In the era where data powers digital transformation and informs the growing number of data products, it is critical that data practitioners have a common understanding of the things that make up a data governance program. I have found recently that even standard bodies lack a common lexicon for describing data governance artifacts.
The truth is we do not use terminology consistently between organizations. This makes it hard to judge the maturity of a data governance program and to develop continuous improvement plans. As well, it means that the tooling supporting data governance does not provide the functionality needed to improve data governance processes. In order to develop a consistent language between data governance practitioners, I will propose in this article definitions for data governance terms. This includes mission and vision, standards, business policies, data policies, data controls, and data control methods.
Mission and Vision
Let’s start at the top. According to the Data Governance Institute, the mission of every data governance program should be:
- Adding value to the organization’s products, services, processes, capabilities, and assets
- Reducing cost, complexity, and delays
- Reducing risk
According to Jonathan Reichental, author of “Data Governance for Dummies,” the missions for data governance programs should have “one of three flavors: protecting the business, running the business, and growing the business.” Each of these, of course, attaches itself to subgoals such as:
- Governance, compliance, and risk
- Improving the financial bottom line
- Improving business top-line growth
So, the mission and vision should be what the data governance program aims to achieve for the business and the “why” of the data governance program.
Standards
With the mission and vision defined, it is important to define the North Stars for the data governance program. This should include applicable standards, legal and regulatory mandates, and relevant industry best practices. Today, this needs to extend beyond the data itself. “Rewired” authors Eric Lamarre, Kate Smaje, and Rodney W. Zemmel suggest there should be “clear standards and thresholds for AI risk, including transparency and explainability, and bias and fairness for AI models.” Great standards and best practices to consider are “Privacy by Design,” FAIR, ISO 27001, and NIST 800-53.
Business Policies
So, what are business policies? The authors of “The Privacy Engineer’s Manifesto” say “a business policy is a high-level statement about information security and privacy. It lays out the key information and security directives for the organization.” Business policies should codify the mission and vision as well as reflect and comment upon the standards contained in standards.
Data Policies
Data policies should go to the next level of indenture. Data policies, however, should still be written in succinct, plain language. They should consider why data is collected and what purposes it is to be used for. They should also clearly define data retention and suggest what due diligence should be conducted with third-party personnel and/or vendors accessing data that contains sensitive or PII data elements.
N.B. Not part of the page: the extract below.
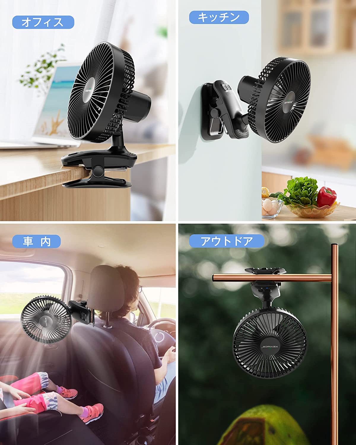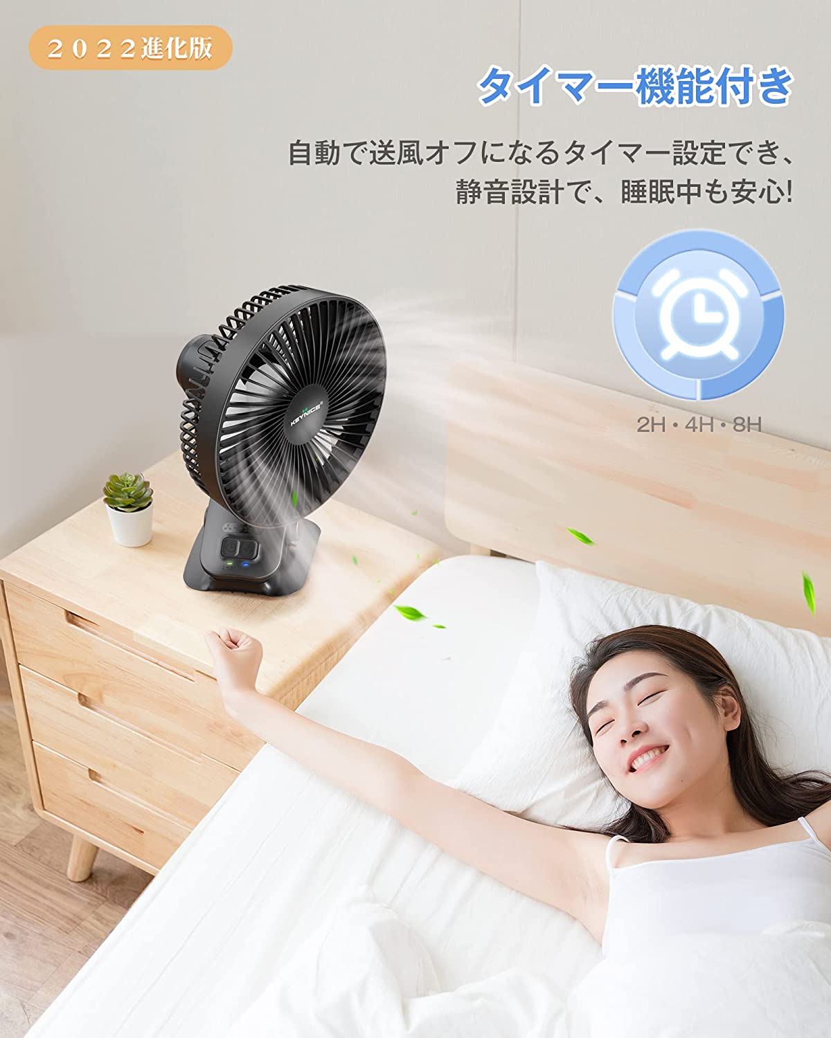 - [Rechargeable fan with timer function] The advanced clip fan is equipped with a timer function, and you can set the time in 3 stages: 2 hours, 4 hours, and 8 hours. It prevents the wind from blowing too much while you are sleeping or working, and automatically shuts off when the set time elapses, so you can use it with peace of mind without worrying about forgetting to turn it off when you go to bed or go out.

Reichental suggests there are four types of policies: data access policies, data usage policies, data provenance policies, and data retention and archival policies. Digging in on the first two areas, the authors of “Rewired” suggest that “comprehensive digital trust policies address the use of data, analytics, and technology. These policies must be broader than traditional data privacy policies, and address topics such as use and handling of personal data, guardrails for use of technology, and fairness of code-based models.”
Data Controls
In contrast to data policies, which can be for a range of subjects including master data management, data quality, data providence, and the list goes on, data controls are where the action takes place in terms of protecting sensitive data or data that contains PII. This is where you control access to data.
This is accomplished traditionally in a database, but today it can increasingly occur in data security governance software. In these systems, controls can be implemented across data systems. Here, data can be administered locally or globally. However, the authors of “Rewired” suggest that we need to think more broadly about data controls. This means they need to do two more things: monitor and control AI models, including establishing bias and fairness checks for these models.
Controls Evaluation
Finally, controls need to operate in a continuous improvement and DataOps fashion. According to the authors of “Rewired,” this means “developing automated tests for security and compliance and refactoring applications to bring them into compliance.” Automating trust, they say, “is the process of turning trust policies into code such as compliance requirements. These automated risk controls are activated whenever anyone submits new code.” So, controls evaluation should determine if controls are working and increasingly doing this in an automated fashion can improve controls and make them work more effectively.
Parting Words
My goal for this piece was to get us all using the language of data governance consistently. It is a problem if one person’s control is really a business policy. Clearly, you are welcome to add your perspective and experience to this piece. We all need a consistent ontology for data governance and the artifacts that come with it.